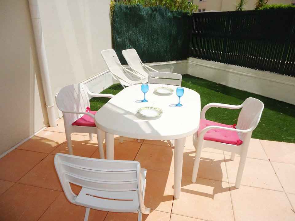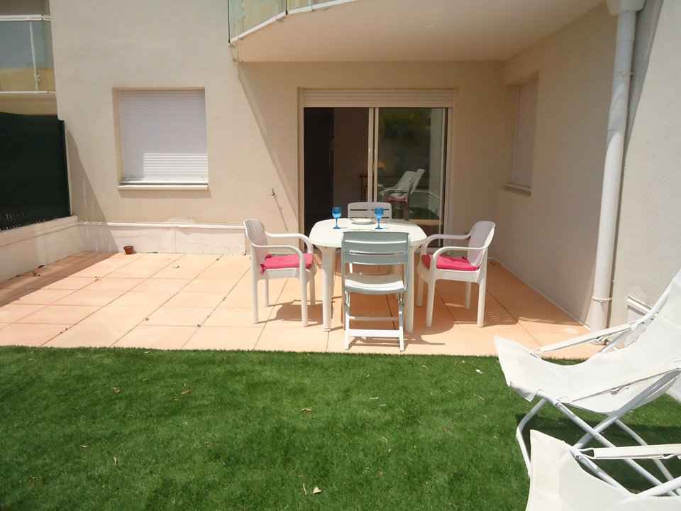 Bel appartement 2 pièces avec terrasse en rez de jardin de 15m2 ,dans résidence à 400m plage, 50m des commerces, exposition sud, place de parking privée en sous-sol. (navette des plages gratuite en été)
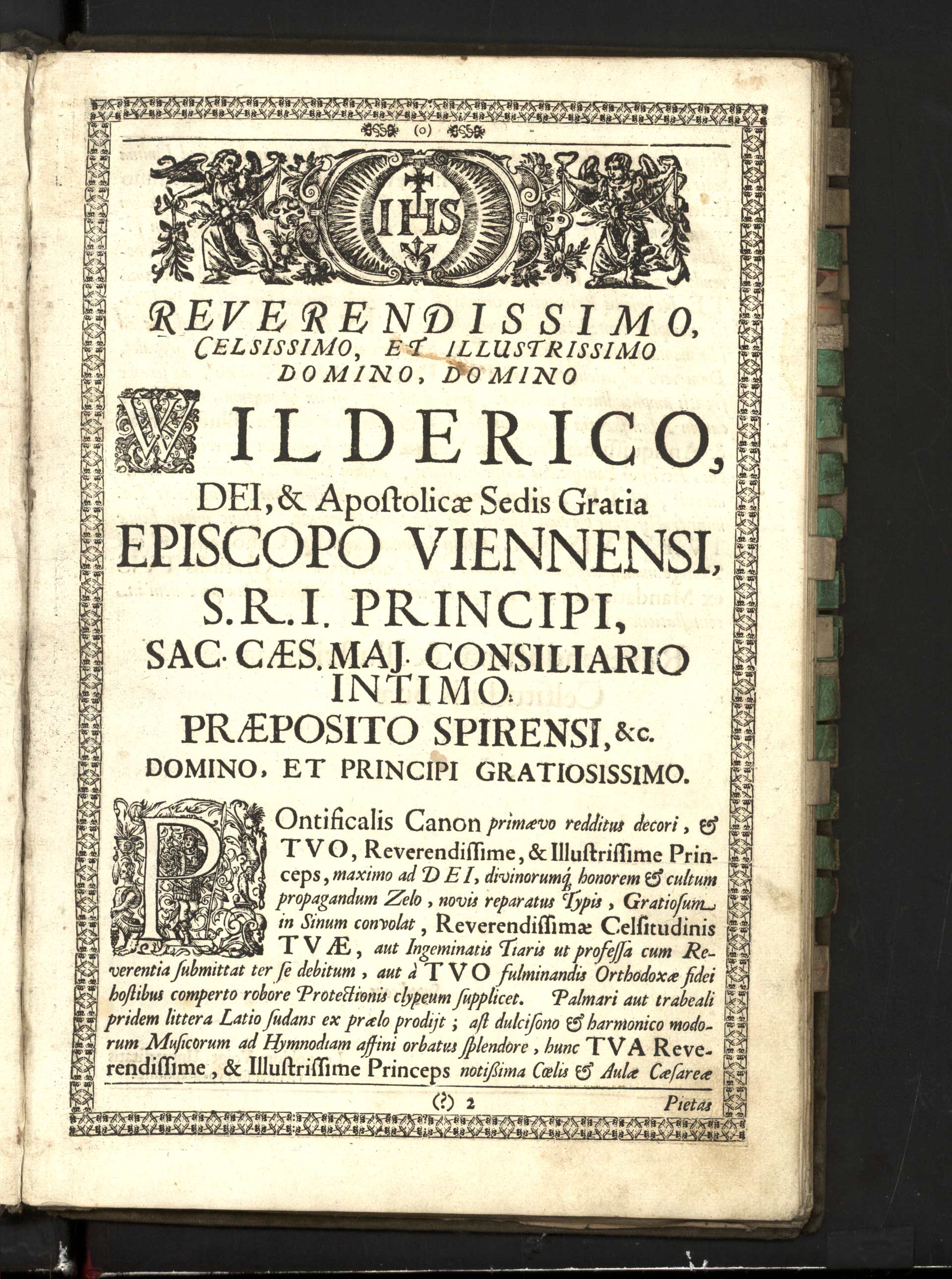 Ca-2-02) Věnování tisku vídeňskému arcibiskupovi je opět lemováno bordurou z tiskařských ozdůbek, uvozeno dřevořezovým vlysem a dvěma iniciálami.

---

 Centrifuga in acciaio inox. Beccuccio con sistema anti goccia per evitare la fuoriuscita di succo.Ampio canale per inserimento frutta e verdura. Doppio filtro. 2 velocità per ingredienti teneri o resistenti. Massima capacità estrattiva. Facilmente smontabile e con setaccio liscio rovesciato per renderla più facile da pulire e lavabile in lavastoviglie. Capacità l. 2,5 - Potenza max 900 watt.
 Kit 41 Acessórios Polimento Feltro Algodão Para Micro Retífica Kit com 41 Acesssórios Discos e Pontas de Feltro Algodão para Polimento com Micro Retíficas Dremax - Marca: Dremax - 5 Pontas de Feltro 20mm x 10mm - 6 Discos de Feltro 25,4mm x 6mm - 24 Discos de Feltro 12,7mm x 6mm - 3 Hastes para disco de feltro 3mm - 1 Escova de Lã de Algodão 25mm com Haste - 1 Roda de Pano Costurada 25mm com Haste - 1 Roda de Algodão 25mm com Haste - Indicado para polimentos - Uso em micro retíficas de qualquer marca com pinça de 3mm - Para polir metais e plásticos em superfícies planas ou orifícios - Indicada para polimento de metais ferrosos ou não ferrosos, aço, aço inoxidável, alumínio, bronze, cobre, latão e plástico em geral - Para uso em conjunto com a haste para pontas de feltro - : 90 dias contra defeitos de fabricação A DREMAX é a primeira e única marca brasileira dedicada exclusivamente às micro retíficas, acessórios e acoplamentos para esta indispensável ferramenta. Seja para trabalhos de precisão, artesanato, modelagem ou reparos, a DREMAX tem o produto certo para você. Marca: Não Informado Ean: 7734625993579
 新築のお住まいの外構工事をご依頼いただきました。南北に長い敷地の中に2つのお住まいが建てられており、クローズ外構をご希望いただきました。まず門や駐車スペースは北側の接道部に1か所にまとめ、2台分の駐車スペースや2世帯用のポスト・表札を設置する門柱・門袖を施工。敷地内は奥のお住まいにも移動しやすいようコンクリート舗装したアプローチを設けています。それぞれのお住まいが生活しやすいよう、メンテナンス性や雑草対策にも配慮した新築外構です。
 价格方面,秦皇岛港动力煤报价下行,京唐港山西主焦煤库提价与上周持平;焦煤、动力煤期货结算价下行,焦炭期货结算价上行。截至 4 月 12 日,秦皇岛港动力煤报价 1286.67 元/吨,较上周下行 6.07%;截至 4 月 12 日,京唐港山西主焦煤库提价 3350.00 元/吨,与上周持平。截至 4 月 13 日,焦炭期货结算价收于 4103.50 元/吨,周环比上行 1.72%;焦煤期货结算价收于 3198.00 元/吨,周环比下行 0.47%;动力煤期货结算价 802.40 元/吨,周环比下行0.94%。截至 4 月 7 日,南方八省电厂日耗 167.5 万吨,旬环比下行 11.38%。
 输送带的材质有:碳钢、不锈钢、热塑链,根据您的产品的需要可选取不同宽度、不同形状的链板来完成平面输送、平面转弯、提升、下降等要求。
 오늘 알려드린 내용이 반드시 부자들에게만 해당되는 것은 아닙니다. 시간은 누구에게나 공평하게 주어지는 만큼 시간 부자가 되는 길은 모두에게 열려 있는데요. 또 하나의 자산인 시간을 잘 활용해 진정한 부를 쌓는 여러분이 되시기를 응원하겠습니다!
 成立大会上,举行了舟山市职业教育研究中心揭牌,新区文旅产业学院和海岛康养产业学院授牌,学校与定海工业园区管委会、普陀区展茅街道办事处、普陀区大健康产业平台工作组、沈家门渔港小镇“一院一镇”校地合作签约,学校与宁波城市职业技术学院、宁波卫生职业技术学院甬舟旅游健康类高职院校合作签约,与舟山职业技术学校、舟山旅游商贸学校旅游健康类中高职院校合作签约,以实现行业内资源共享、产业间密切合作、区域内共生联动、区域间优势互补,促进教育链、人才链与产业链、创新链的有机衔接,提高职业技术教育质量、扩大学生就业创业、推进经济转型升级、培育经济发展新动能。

[Work item]
Going back over the entries above, copy word for word every line from the one that has "价格方面,秦皇岛港动力煤报价下行,京唐港山西主焦煤库提价与上周持平;焦煤、动力煤期货结算价下行,焦炭期货结算价上行。截至 4 月" on through the one that has "成立大会上,举行了舟山市职业".

[Your response]
 价格方面,秦皇岛港动力煤报价下行,京唐港山西主焦煤库提价与上周持平;焦煤、动力煤期货结算价下行,焦炭期货结算价上行。截至 4 月 12 日,秦皇岛港动力煤报价 1286.67 元/吨,较上周下行 6.07%;截至 4 月 12 日,京唐港山西主焦煤库提价 3350.00 元/吨,与上周持平。截至 4 月 13 日,焦炭期货结算价收于 4103.50 元/吨,周环比上行 1.72%;焦煤期货结算价收于 3198.00 元/吨,周环比下行 0.47%;动力煤期货结算价 802.40 元/吨,周环比下行0.94%。截至 4 月 7 日,南方八省电厂日耗 167.5 万吨,旬环比下行 11.38%。
 输送带的材质有:碳钢、不锈钢、热塑链,根据您的产品的需要可选取不同宽度、不同形状的链板来完成平面输送、平面转弯、提升、下降等要求。
 오늘 알려드린 내용이 반드시 부자들에게만 해당되는 것은 아닙니다. 시간은 누구에게나 공평하게 주어지는 만큼 시간 부자가 되는 길은 모두에게 열려 있는데요. 또 하나의 자산인 시간을 잘 활용해 진정한 부를 쌓는 여러분이 되시기를 응원하겠습니다!
 成立大会上,举行了舟山市职业教育研究中心揭牌,新区文旅产业学院和海岛康养产业学院授牌,学校与定海工业园区管委会、普陀区展茅街道办事处、普陀区大健康产业平台工作组、沈家门渔港小镇“一院一镇”校地合作签约,学校与宁波城市职业技术学院、宁波卫生职业技术学院甬舟旅游健康类高职院校合作签约,与舟山职业技术学校、舟山旅游商贸学校旅游健康类中高职院校合作签约,以实现行业内资源共享、产业间密切合作、区域内共生联动、区域间优势互补,促进教育链、人才链与产业链、创新链的有机衔接,提高职业技术教育质量、扩大学生就业创业、推进经济转型升级、培育经济发展新动能。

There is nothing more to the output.